A cluster refers to a set of instances or data-points. HC can either be agglomerative (bottom-up approach) or divisive (top-down approach). The distance between each instance is calculated using some dissimilarity function. The distance between clusters is calculated using some linkage criterion. Each step of HC produces a new cluster-set, i.e., a set of clusters, from the cluster-set of the previous step.
- Supports the following linkage criteria, used to consider the dissimilarity between clusters:
- Complete (farthest neighbor), average (UPGMA), centroid, minimum energy, single (nearest neighbor), Ward’s minimum variance method.

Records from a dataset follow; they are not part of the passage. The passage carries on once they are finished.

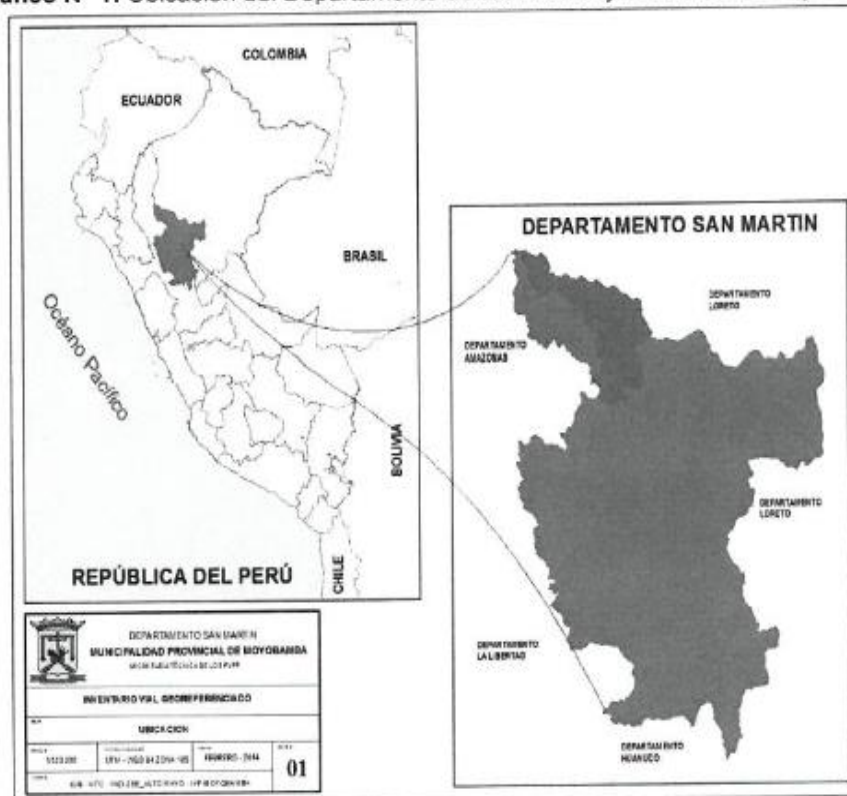
Gráfico N° 1: Ubicación del Departamento de San Martín y Provincia de Moyobamba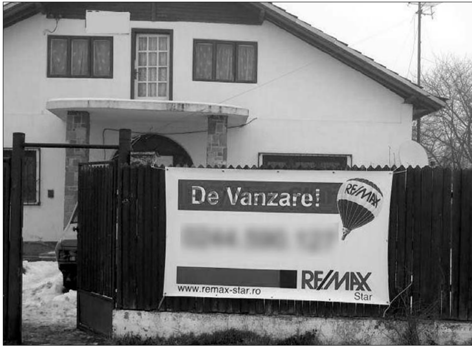
Az ingatlanok még mindig Bukarestben a legdrágábbak, míg legolcsóbbak Temesváron

Bár az olcsulás egyaránt érintette a régi és új lakásokat, Bukarestben például az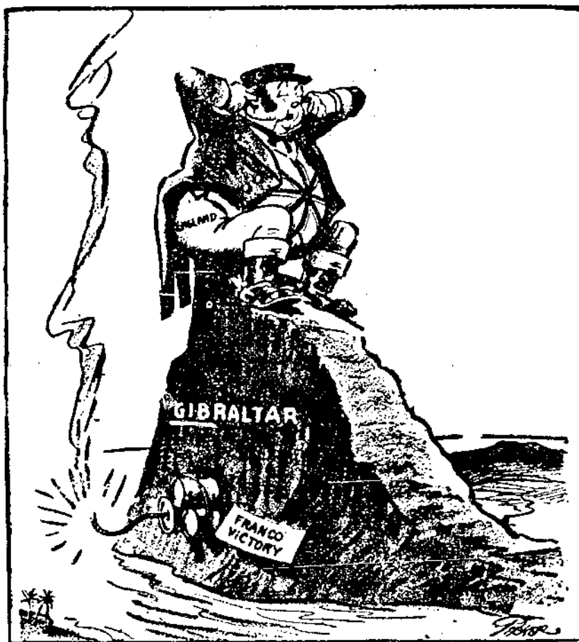
火山上的不大顯列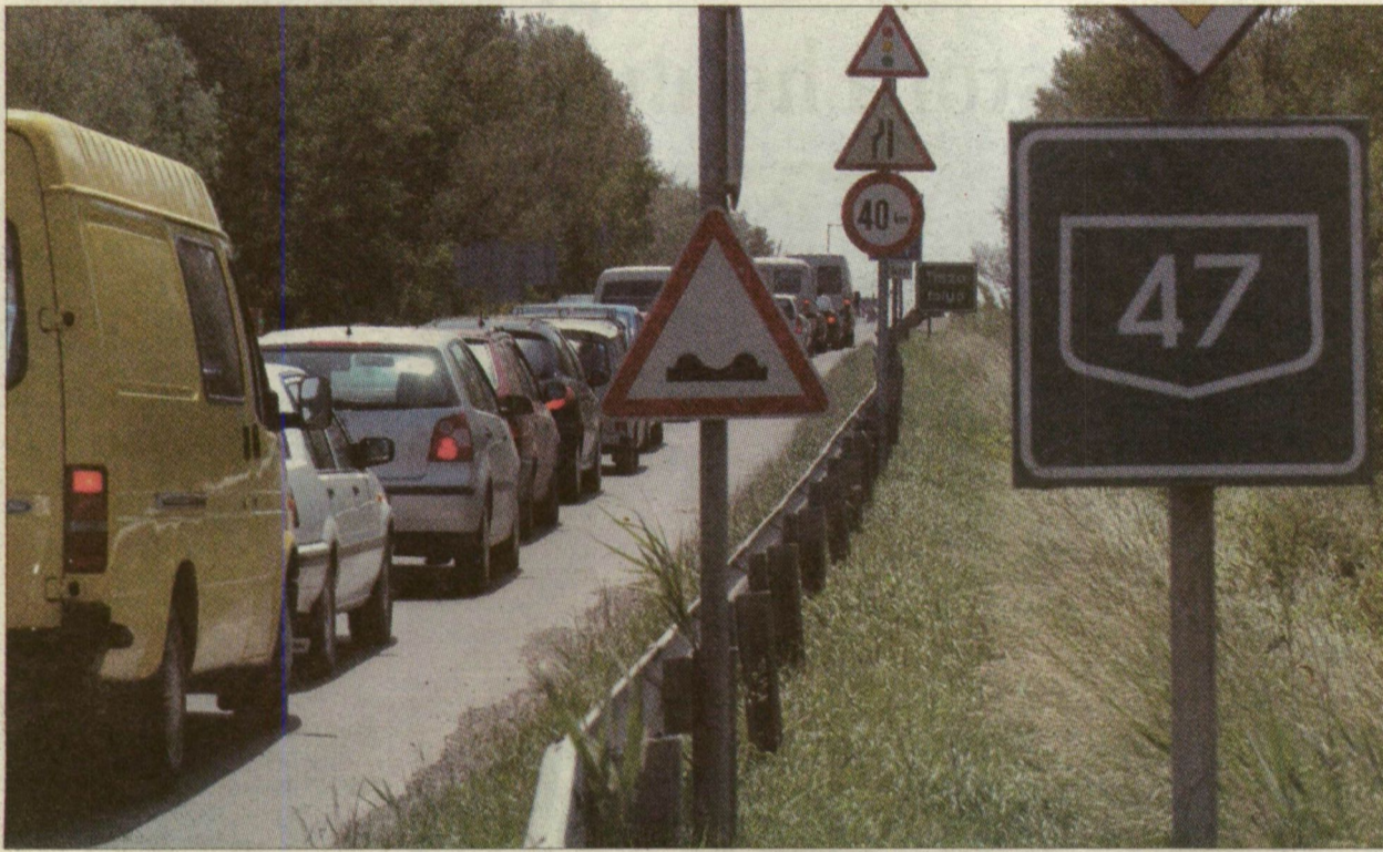
A sorban veszteglő autósoknak marad a várakozás és a mérgeződés

- Provides the following external clustering evaluation criteria, used to evaluate the quality of a given cluster-set when each data-point has associated a certain label / class:
- Purity, normalized mutual information, accuracy, precision, recall, F-measure.
- Provides the following internal clustering evaluation criteria, used to select the optimal number of clusters when no ground truth is available:
- Silhouette coefficient, Dunn index, Davies-Bouldin index, Calinski-Harabasz index, modified Gamma statistic, Xie-Beni index, within-between ratio, I-index, Xu index, RMSSD, R-squared.
- CSV export
- To export the result of clustering to a comma-separated values (CSV) file.
- D3.js export
- Export the result of clustering to a Json file that contains the hierarchical structure of the clustering procedure that can be loaded into Dendrogram Viewer to produce a dendrogram.